Canadian rapper Drake is Spotify’s most-streamed artist of 2015, the streaming service announced Tuesday. But the true star for the company is a feature called Discover Weekly, which builds two-hour personalized playlists for each user every week. The playlists have racked up 1.7 billion streams since launching in July, though Spotify hasn’t disclosed how many of its users have tried Discover Weekly in total.
“It’s exceeded our expectations,” says Matt Ogle, Spotify’s product owner for Discover Weekly. When Ogle arrived at Spotify at the start of this year, the platform already had a “Discover” feature, but it was a rarely used hodgepodge of album and artist recommendations. He and his team decided to change their approach and focus on something more discrete and digestible. “You often might be in the mood for discovery but might not want to click through 20 albums,” says Ogle.
Playlists made the most sense as a delivery method, but also as a way to pick tracks that would align with users’ individual tastes. All the songs that appear on a Discover Weekly playlist are tracks that have appeared on some of the 2 billion other playlists available on Spotify. The idea, then, is to show you tracks that other people with similar musical taste are queueing up in their own playlists.
In this way, Discover Weekly is often able to surface songs you’ve never heard but are primed to take an instant liking to. In a given week, about half of Discover Weekly listeners save at least one of their playlist’s songs for further listening, Ogle says.
It took Spotify a while to find the sweet spot in terms of playlist length and variety. Early test versions of the Discover Weekly playlist were 100 tracks long, but listening to all those songs could feel like a chore. Another concept included only artists that a user had never streamed at all, but that made the playlists seem intimidating.
The company is still exploring new ways to improve Discover playlists. Currently, users’ recently played tracks matter less than their overall listening history for developing the playlists. But in the future, recent listens may play a bigger role for heavy users who are constantly trying new tracks and swapping between genres. The team also wants to give more weight to the way users actually interact with the playlists, so saving a song could give you more of that type of music, while skipping songs would eliminate similar tunes.
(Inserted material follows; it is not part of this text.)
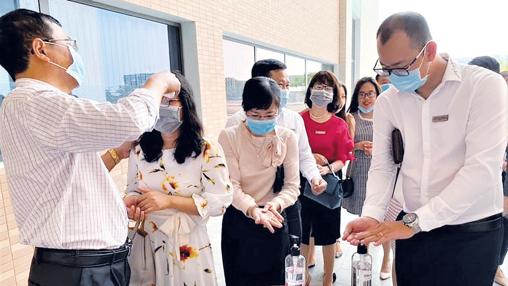 Tất cả cán bộ, giảng viên được đo thân nhiệt và rửa tay khi vào Trường ĐH Tôn Đức Thắng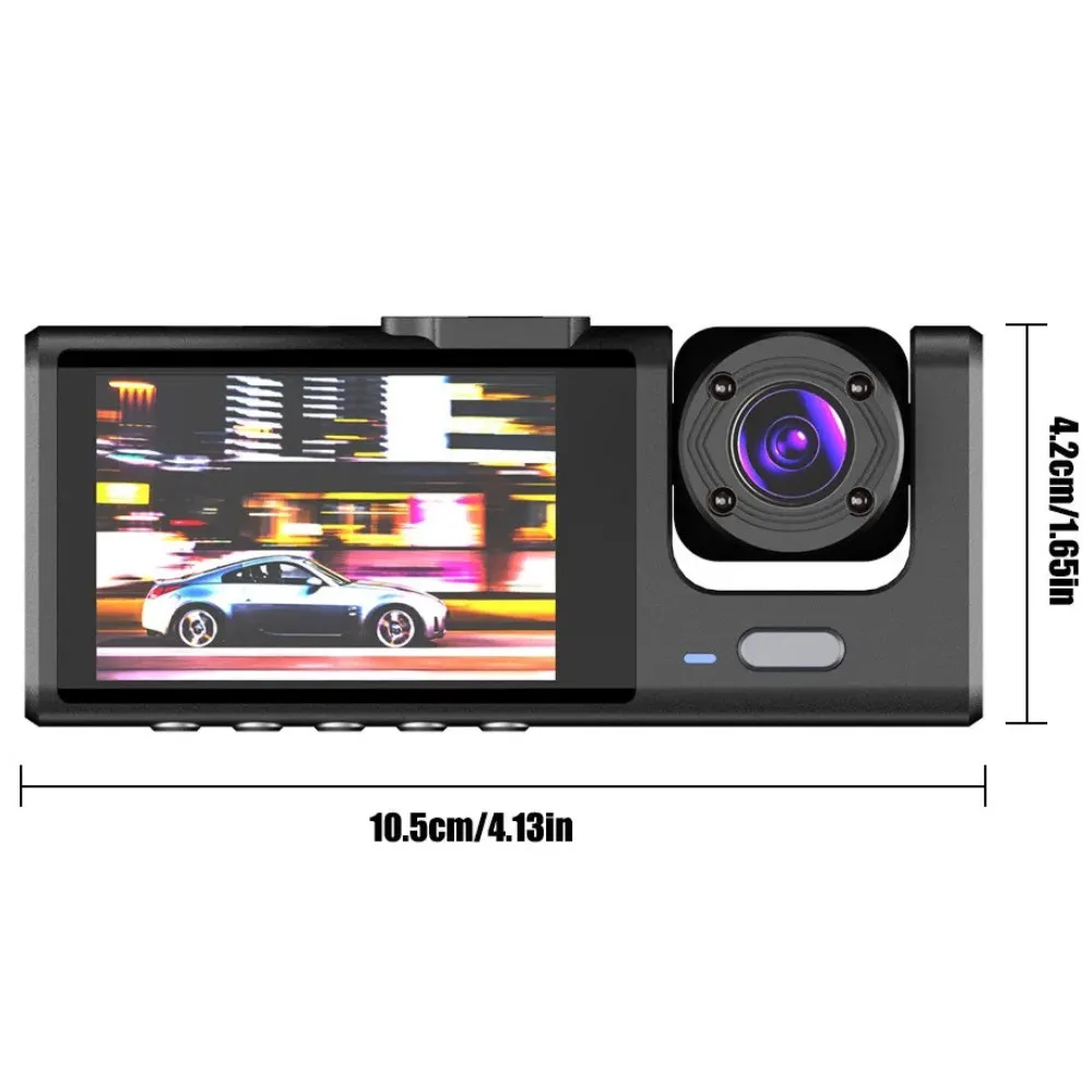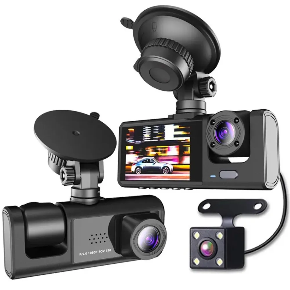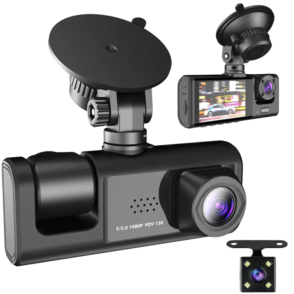 Видеорегистратор с тремя камерами — отличное решение для обеспечения безопасности во время поездок. Передняя камера фиксирует события перед автомобилем, задняя помогает при парковке и мониторинге ситуации сзади, а внутренняя камера записывает происходящее в салоне. Это устройство предоставляет вам уверенность и защиту в любых дорожных условиях.

Discover Weekly’s success illustrates the next frontier for the big streaming services: providing entertaining, well-curated experiences, like a personal DJ. With massive song catalogues now standard across the industry, users are increasingly interested in tools that can help them surface songs they will actually enjoy, instead of being forced to wade through lots of noise. Through Discover Weekly, Spotify keeps customers tied to its platform rather than venturing over to explore rival services. “Our goal is to really make it feel like a kind of mixtape a friend might make for you,” Ogle says.